I agree that programmers should fix their own bugs rather than writing
new code to recover from the bug. I don't see anything in the cairo
model that encourages writing bug-handling code.

> It's very very important IMO to distinguish the three types of errors
> (programming, recoverable, and unavoidable-and-ignorable) when designing
> any API in this area.

I agree it's important to distinguish. And for the three cases:

    Programming errors

	Glib seems inconsistent about these, (g_assert provides a
	reliable way to handle them, but sometimes g_return_if_fail is
	used instead which is inherently unreliable).

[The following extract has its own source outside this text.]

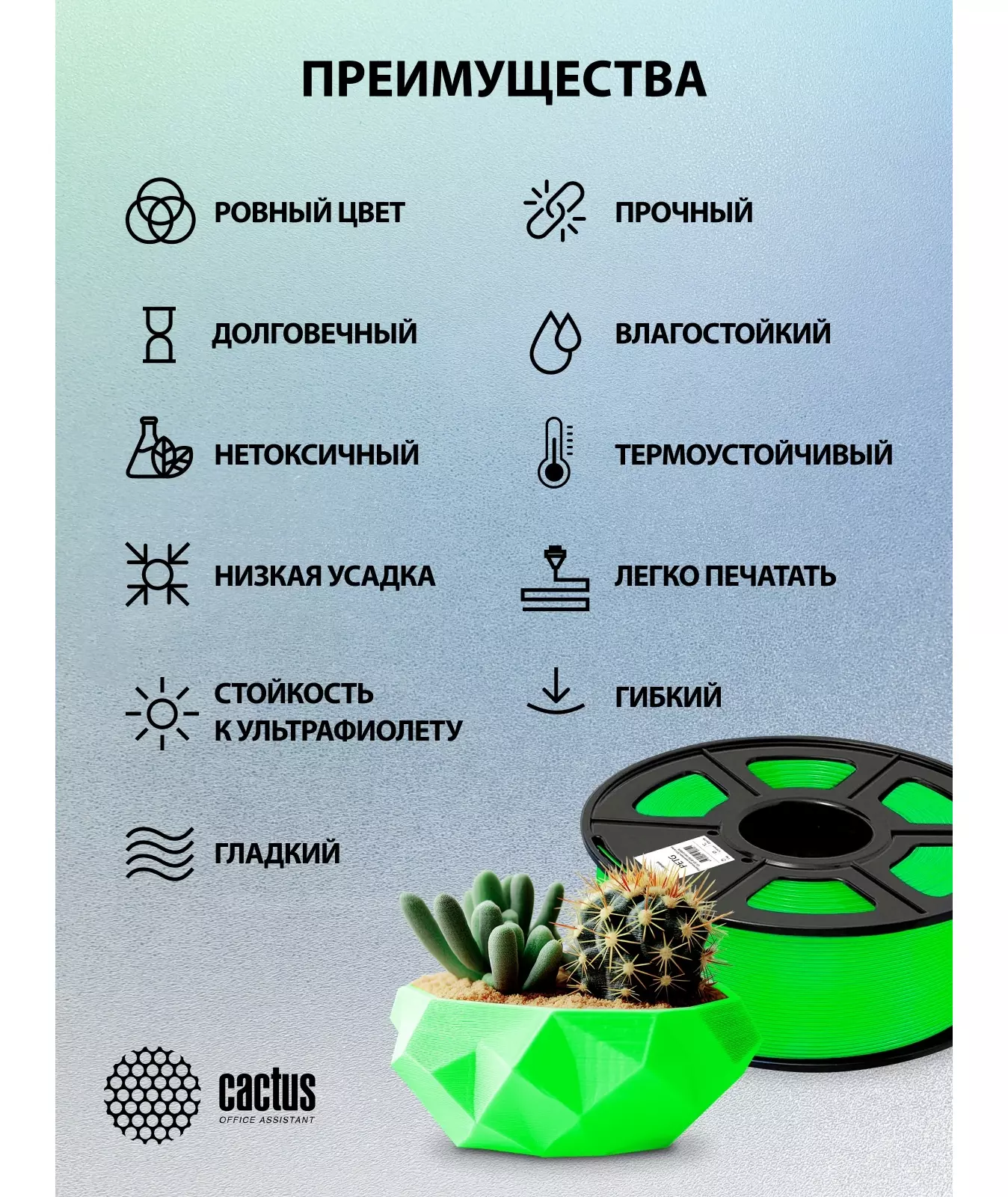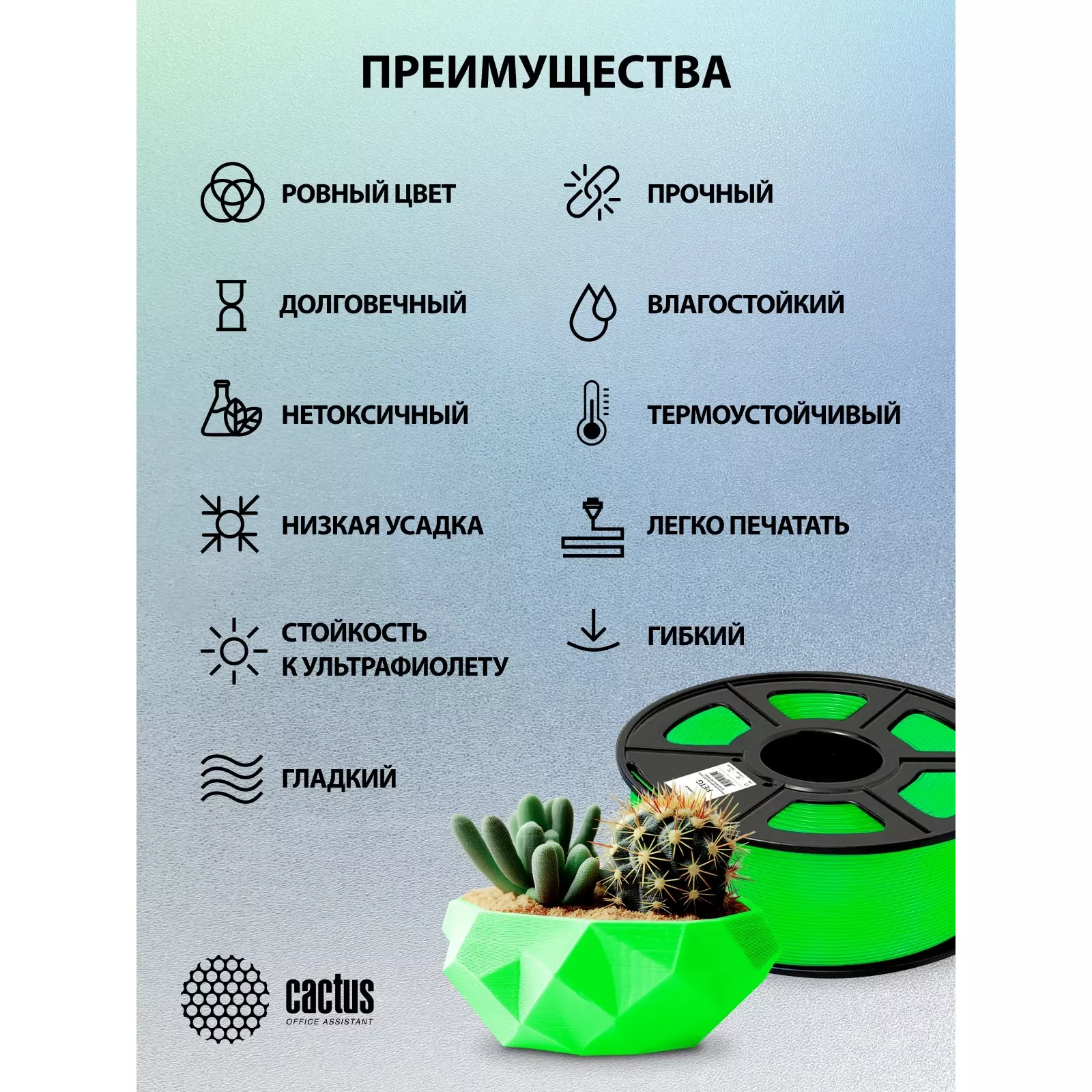 Описание Cactus CS-3D-PETG-1KG-GREEN

	Cairo tries to shutdown the affected object whenever possible,
	(choosing to just segfault instead if the user didn't even
	pass a valid object in the first place). But not that the
	"invalid object" is something that can't even arise from cairo
	itself, (which _is_ actually a benefit of the
	never-return-NULL-from-constructors approach).

    Recoverable

	Glib and cairo are similar if the application author is
	checking the status after every call, (but for the memory
	management and error message points noted above).

	Cairo does allow for the error-checking to be deferred if
	desired.

    Unavoidable-and-ignorable

	Glib considers this category to exist, and aborts.

	Cairo does not admit the existence of this category. Instead
	cairo uses the same shutdown strategy as is used for
	programming errors. This allows recovery to be handled in the
	most convenient way possible by the application, (again,
	taking advantage of deferred error checks).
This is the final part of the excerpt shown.